This year, as American Farmland Trust celebrates our 30th anniversary, it’s a good time to look back and realize how much has been accomplished by the farmland conservation movement in three decades. When a small group of forward-looking farmers and conservationists launched American Farmland Trust in 1980, they were alarmed by how much of the nation’s farmland was being paved over for sprawling development, and equally concerned by how little was being done about it.
       
Since that time, we can be proud of American Farmland Trust’s role as the catalyst of a national conservation movement—one that has protected over three million acres of farm and ranch land and established environmentally sound farming practices on millions more. Much has been accomplished all over the country by farmers working with conservationists, concerned citizens and elected officials during 30 years of efforts to protect the nation’s working lands and promote environmental stewardship.

But lately, as I talk to officials in other countries—I am reminded how the world is becoming ever more interdependent, and how important our farmland is as a global resource. A report from the Food and Agriculture Organization of the United Nations provided a wake-up call for many recently; it stated that global food production needs to nearly double by the middle of this century to feed an expected world population of nine billion. And this must happen on less land—as we continue to develop farmland around the world at an alarming rate.

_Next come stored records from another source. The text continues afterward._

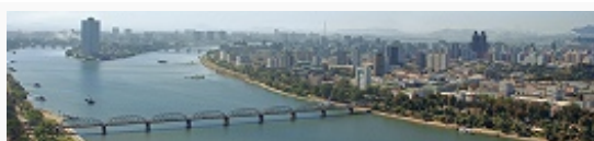
Пхеньян. Вид центральной части города.

Подавляющее большинство населения – корейцы (99,7%), проживают также китайцы (0,2%), есть небольшие группы филиппинцев, монголов, русских, вьетнамцев и др.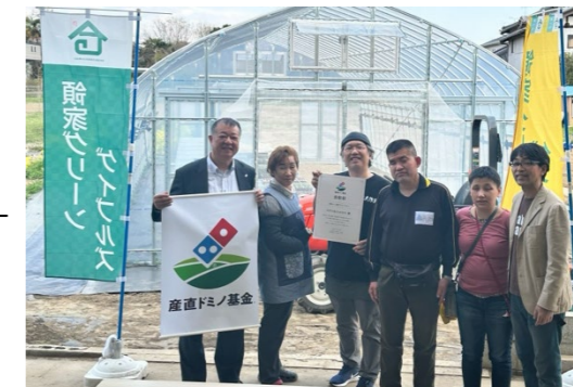
産直ドミノ基金アワード2024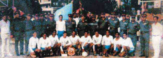
अन्तर मूल्य मलिनबल प्रतियोगिता २०६४ मा प्रथम नर पति सिद्ध सहित नारायण दल गणका खेलाडीहरू ।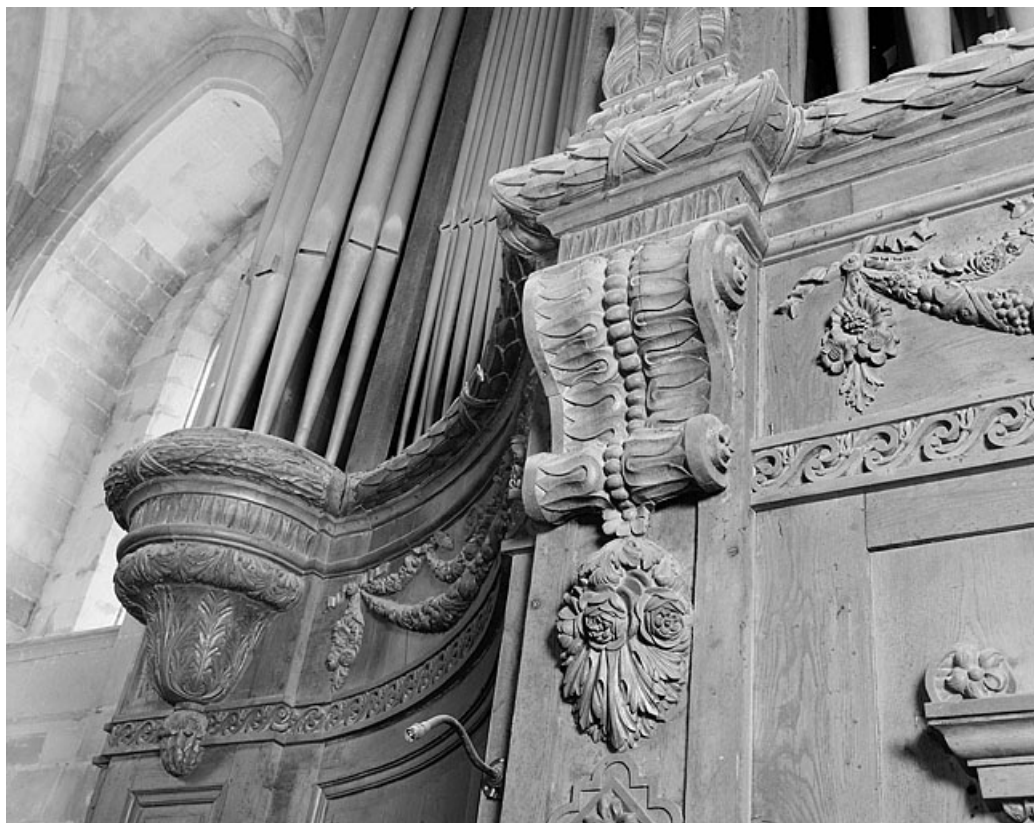
Détail buffet : sculptures 19e vues de trois quarts droit.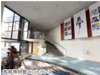
教育博物館エントランス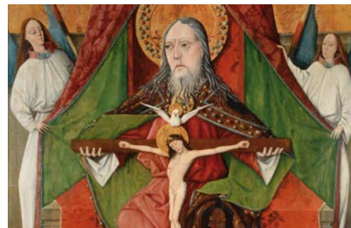
La Santíssima Trinitat (1471), Master GH. Església de la Trinitat, Mosóc (Eslovàquia)

«Déu, donant-nos l'Esperit Sant, ha vessat en els nostres cors el seu amor»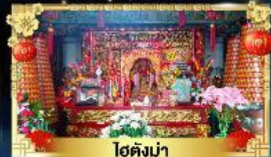
โฮตังม่า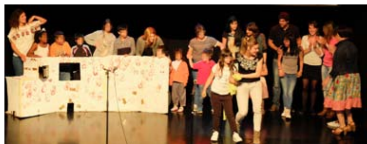
El equipo del COA que recibió el tercer premio por su emotivo lipdub .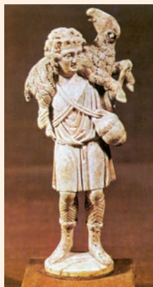
Jesucrist, Bon Pastor. Escultura cristiana del segle III, Museu del Louvre (París)

Però els jueus instigaren les dones devotes més distingides i els principals de la ciutat a promoure una persecució contra Pau i Bernabé, fins que els expulsaren del seu territori. Ells, en senyal de protesta, s'espolsaren els peus sobre els qui els feien marxar, i se n'anaren a Iconi. Els convertits de nou vivien feliços, plens d'alegria i de l'Esperit Sant.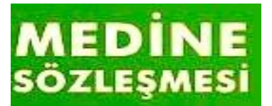
Devlet ve toplum hayatını düzenleyen yazılı anayasanın ilk örneği kabul edilir ve Hz. Muhammed(sav) Döneminde hazırlanmıştır.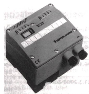
Interbus-Anwendungen ohne Versorgungsleitung

Digitrade AG, 2557 Studen Tel. 032 373 51 64, Fax 032 373 34 70 www.digitrade.ch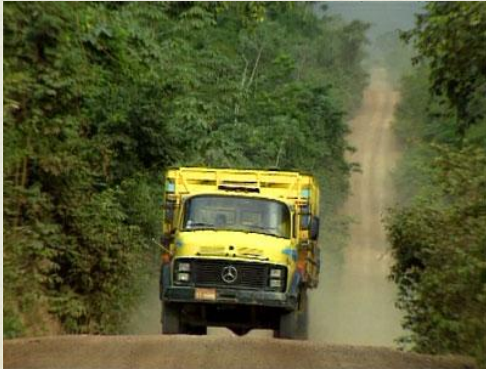
Aménagement de la route transamazonienne au Brésil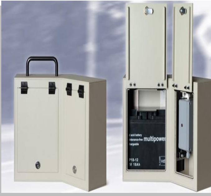
Licznik ruchu drogowego Viacount II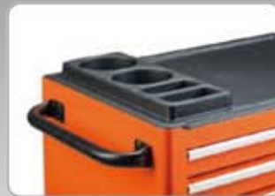
1470K-AC7 26" műanyag munkalap alkatrész tartóval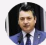
Deputado Sergio Souza (PR)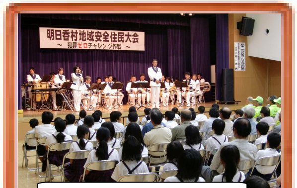
明日香村地域安全住民大会 ～犯罪ゼロチャレンジ作戦～

全国地域安全運動に先駆け、毎年10月1日に村と警察署の共催で明日香から「犯罪ゼロ」を発信する決起大会。文化財防犯の講演や恒例の警察音楽隊の演奏など、村民同士楽しんで防犯意識を高める村の風物詩となっています。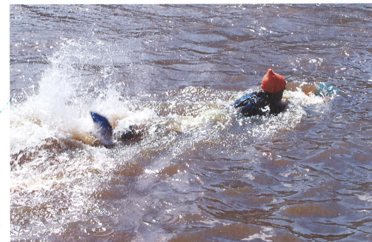
Tästä voisi jo kysyä, mikä moottori. Räpylät kuitenkin näkyvät.

Ensuring food security for a growing world population—amid political instabilities and the uncertainties of climate change—will require scientific advancements, new technologies and improved management practices. It’s a job no single non-profit organization, company or government can tackle alone, but American Farmland Trust has a very important role to play in helping meet the needs of a growing and hungry world. For three decades, we’ve led the effort to save the land that provides food, fiber and fuel for the nation and world—making farmland conservation and environmental stewardship a public priority and a key element of national farm policy.

Our efforts to help the nation achieve food security, environmental sustainability and economic growth through agriculture are needed more now than perhaps at any time in the past.  As we continue our work during the next 30 years to help farmers and ranchers protect the land, keep it healthy and grow food for their communities, the foresight of our organization’s founders—who had the wisdom to realize three decades ago, when so few others did, that our farm and ranch land is an irreplaceable resource worthy of protecting—looks more prescient than ever.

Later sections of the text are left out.